(Data records)
^^^^

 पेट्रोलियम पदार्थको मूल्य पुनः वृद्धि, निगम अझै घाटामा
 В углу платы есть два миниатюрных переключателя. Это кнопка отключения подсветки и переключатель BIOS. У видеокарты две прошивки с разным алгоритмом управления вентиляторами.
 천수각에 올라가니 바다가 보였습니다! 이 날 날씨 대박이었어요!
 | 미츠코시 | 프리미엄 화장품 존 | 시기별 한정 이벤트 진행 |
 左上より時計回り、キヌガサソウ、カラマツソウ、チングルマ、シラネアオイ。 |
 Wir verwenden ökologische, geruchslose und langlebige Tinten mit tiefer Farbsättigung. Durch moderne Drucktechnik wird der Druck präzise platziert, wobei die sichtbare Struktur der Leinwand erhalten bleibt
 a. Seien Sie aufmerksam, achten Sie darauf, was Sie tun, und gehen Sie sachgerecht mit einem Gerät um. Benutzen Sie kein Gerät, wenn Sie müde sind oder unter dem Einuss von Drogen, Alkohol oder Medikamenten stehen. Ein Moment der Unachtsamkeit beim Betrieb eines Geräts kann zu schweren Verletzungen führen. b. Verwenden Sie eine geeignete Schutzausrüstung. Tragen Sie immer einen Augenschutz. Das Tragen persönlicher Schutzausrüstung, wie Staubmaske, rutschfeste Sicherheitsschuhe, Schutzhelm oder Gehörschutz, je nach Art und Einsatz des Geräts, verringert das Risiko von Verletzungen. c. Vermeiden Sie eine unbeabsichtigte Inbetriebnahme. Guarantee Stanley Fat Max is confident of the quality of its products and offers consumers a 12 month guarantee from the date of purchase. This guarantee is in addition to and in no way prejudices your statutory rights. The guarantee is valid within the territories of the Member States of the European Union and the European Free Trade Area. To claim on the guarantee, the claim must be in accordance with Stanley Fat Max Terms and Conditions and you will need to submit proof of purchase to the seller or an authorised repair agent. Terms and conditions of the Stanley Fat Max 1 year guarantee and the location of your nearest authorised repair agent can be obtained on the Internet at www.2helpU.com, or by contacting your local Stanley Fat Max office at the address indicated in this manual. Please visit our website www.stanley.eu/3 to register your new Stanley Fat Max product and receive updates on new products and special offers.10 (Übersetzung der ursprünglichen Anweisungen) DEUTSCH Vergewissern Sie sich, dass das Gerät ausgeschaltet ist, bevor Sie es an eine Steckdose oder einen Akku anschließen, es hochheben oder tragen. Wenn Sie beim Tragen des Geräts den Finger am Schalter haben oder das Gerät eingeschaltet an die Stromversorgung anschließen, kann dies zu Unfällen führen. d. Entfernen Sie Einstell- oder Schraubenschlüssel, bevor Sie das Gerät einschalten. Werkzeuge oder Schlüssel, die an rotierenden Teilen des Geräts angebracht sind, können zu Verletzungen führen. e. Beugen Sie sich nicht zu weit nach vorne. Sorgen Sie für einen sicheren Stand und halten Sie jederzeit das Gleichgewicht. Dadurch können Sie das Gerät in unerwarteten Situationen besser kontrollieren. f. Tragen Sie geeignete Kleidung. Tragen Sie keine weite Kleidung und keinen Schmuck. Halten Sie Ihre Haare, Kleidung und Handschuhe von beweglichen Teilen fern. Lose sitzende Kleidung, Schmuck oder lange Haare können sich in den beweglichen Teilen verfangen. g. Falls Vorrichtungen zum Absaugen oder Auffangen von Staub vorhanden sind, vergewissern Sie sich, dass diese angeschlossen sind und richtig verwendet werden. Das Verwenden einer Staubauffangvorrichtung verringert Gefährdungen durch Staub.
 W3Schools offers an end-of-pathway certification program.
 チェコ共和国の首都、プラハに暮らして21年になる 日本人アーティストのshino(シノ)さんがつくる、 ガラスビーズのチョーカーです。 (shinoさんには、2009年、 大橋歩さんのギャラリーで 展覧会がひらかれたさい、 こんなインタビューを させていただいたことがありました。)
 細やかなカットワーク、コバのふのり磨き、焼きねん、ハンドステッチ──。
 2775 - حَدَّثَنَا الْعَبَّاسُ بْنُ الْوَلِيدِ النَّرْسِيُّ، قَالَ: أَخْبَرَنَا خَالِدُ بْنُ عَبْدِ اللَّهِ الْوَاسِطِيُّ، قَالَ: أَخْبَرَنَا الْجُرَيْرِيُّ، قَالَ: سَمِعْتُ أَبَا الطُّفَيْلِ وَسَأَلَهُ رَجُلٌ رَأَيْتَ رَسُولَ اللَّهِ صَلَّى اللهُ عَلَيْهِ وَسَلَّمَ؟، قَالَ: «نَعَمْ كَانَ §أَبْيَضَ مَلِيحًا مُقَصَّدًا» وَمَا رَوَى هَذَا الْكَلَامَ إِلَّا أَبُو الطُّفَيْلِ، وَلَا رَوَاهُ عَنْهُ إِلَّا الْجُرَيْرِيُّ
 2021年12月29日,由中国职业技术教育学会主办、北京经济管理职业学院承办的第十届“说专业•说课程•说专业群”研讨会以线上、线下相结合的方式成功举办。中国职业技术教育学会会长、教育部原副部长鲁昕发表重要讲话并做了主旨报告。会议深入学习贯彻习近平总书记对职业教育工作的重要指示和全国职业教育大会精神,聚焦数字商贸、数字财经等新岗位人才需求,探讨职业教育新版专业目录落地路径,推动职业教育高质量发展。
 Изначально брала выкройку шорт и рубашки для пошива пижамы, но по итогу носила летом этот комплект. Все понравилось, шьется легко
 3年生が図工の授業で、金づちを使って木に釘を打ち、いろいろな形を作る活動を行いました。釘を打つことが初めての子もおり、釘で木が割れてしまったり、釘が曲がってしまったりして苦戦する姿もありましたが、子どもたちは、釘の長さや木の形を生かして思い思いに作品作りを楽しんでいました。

^^^^

Task requirements: All of the data above must be set down again exactly.

Answer to this problem:
 पेट्रोलियम पदार्थको मूल्य पुनः वृद्धि, निगम अझै घाटामा
 В углу платы есть два миниатюрных переключателя. Это кнопка отключения подсветки и переключатель BIOS. У видеокарты две прошивки с разным алгоритмом управления вентиляторами.
 천수각에 올라가니 바다가 보였습니다! 이 날 날씨 대박이었어요!
 | 미츠코시 | 프리미엄 화장품 존 | 시기별 한정 이벤트 진행 |
 左上より時計回り、キヌガサソウ、カラマツソウ、チングルマ、シラネアオイ。 |
 Wir verwenden ökologische, geruchslose und langlebige Tinten mit tiefer Farbsättigung. Durch moderne Drucktechnik wird der Druck präzise platziert, wobei die sichtbare Struktur der Leinwand erhalten bleibt
 a. Seien Sie aufmerksam, achten Sie darauf, was Sie tun, und gehen Sie sachgerecht mit einem Gerät um. Benutzen Sie kein Gerät, wenn Sie müde sind oder unter dem Einuss von Drogen, Alkohol oder Medikamenten stehen. Ein Moment der Unachtsamkeit beim Betrieb eines Geräts kann zu schweren Verletzungen führen. b. Verwenden Sie eine geeignete Schutzausrüstung. Tragen Sie immer einen Augenschutz. Das Tragen persönlicher Schutzausrüstung, wie Staubmaske, rutschfeste Sicherheitsschuhe, Schutzhelm oder Gehörschutz, je nach Art und Einsatz des Geräts, verringert das Risiko von Verletzungen. c. Vermeiden Sie eine unbeabsichtigte Inbetriebnahme. Guarantee Stanley Fat Max is confident of the quality of its products and offers consumers a 12 month guarantee from the date of purchase. This guarantee is in addition to and in no way prejudices your statutory rights. The guarantee is valid within the territories of the Member States of the European Union and the European Free Trade Area. To claim on the guarantee, the claim must be in accordance with Stanley Fat Max Terms and Conditions and you will need to submit proof of purchase to the seller or an authorised repair agent. Terms and conditions of the Stanley Fat Max 1 year guarantee and the location of your nearest authorised repair agent can be obtained on the Internet at www.2helpU.com, or by contacting your local Stanley Fat Max office at the address indicated in this manual. Please visit our website www.stanley.eu/3 to register your new Stanley Fat Max product and receive updates on new products and special offers.10 (Übersetzung der ursprünglichen Anweisungen) DEUTSCH Vergewissern Sie sich, dass das Gerät ausgeschaltet ist, bevor Sie es an eine Steckdose oder einen Akku anschließen, es hochheben oder tragen. Wenn Sie beim Tragen des Geräts den Finger am Schalter haben oder das Gerät eingeschaltet an die Stromversorgung anschließen, kann dies zu Unfällen führen. d. Entfernen Sie Einstell- oder Schraubenschlüssel, bevor Sie das Gerät einschalten. Werkzeuge oder Schlüssel, die an rotierenden Teilen des Geräts angebracht sind, können zu Verletzungen führen. e. Beugen Sie sich nicht zu weit nach vorne. Sorgen Sie für einen sicheren Stand und halten Sie jederzeit das Gleichgewicht. Dadurch können Sie das Gerät in unerwarteten Situationen besser kontrollieren. f. Tragen Sie geeignete Kleidung. Tragen Sie keine weite Kleidung und keinen Schmuck. Halten Sie Ihre Haare, Kleidung und Handschuhe von beweglichen Teilen fern. Lose sitzende Kleidung, Schmuck oder lange Haare können sich in den beweglichen Teilen verfangen. g. Falls Vorrichtungen zum Absaugen oder Auffangen von Staub vorhanden sind, vergewissern Sie sich, dass diese angeschlossen sind und richtig verwendet werden. Das Verwenden einer Staubauffangvorrichtung verringert Gefährdungen durch Staub.
 W3Schools offers an end-of-pathway certification program.
 チェコ共和国の首都、プラハに暮らして21年になる 日本人アーティストのshino(シノ)さんがつくる、 ガラスビーズのチョーカーです。 (shinoさんには、2009年、 大橋歩さんのギャラリーで 展覧会がひらかれたさい、 こんなインタビューを させていただいたことがありました。)
 細やかなカットワーク、コバのふのり磨き、焼きねん、ハンドステッチ──。
 2775 - حَدَّثَنَا الْعَبَّاسُ بْنُ الْوَلِيدِ النَّرْسِيُّ، قَالَ: أَخْبَرَنَا خَالِدُ بْنُ عَبْدِ اللَّهِ الْوَاسِطِيُّ، قَالَ: أَخْبَرَنَا الْجُرَيْرِيُّ، قَالَ: سَمِعْتُ أَبَا الطُّفَيْلِ وَسَأَلَهُ رَجُلٌ رَأَيْتَ رَسُولَ اللَّهِ صَلَّى اللهُ عَلَيْهِ وَسَلَّمَ؟، قَالَ: «نَعَمْ كَانَ §أَبْيَضَ مَلِيحًا مُقَصَّدًا» وَمَا رَوَى هَذَا الْكَلَامَ إِلَّا أَبُو الطُّفَيْلِ، وَلَا رَوَاهُ عَنْهُ إِلَّا الْجُرَيْرِيُّ
 2021年12月29日,由中国职业技术教育学会主办、北京经济管理职业学院承办的第十届“说专业•说课程•说专业群”研讨会以线上、线下相结合的方式成功举办。中国职业技术教育学会会长、教育部原副部长鲁昕发表重要讲话并做了主旨报告。会议深入学习贯彻习近平总书记对职业教育工作的重要指示和全国职业教育大会精神,聚焦数字商贸、数字财经等新岗位人才需求,探讨职业教育新版专业目录落地路径,推动职业教育高质量发展。
 Изначально брала выкройку шорт и рубашки для пошива пижамы, но по итогу носила летом этот комплект. Все понравилось, шьется легко
 3年生が図工の授業で、金づちを使って木に釘を打ち、いろいろな形を作る活動を行いました。釘を打つことが初めての子もおり、釘で木が割れてしまったり、釘が曲がってしまったりして苦戦する姿もありましたが、子どもたちは、釘の長さや木の形を生かして思い思いに作品作りを楽しんでいました。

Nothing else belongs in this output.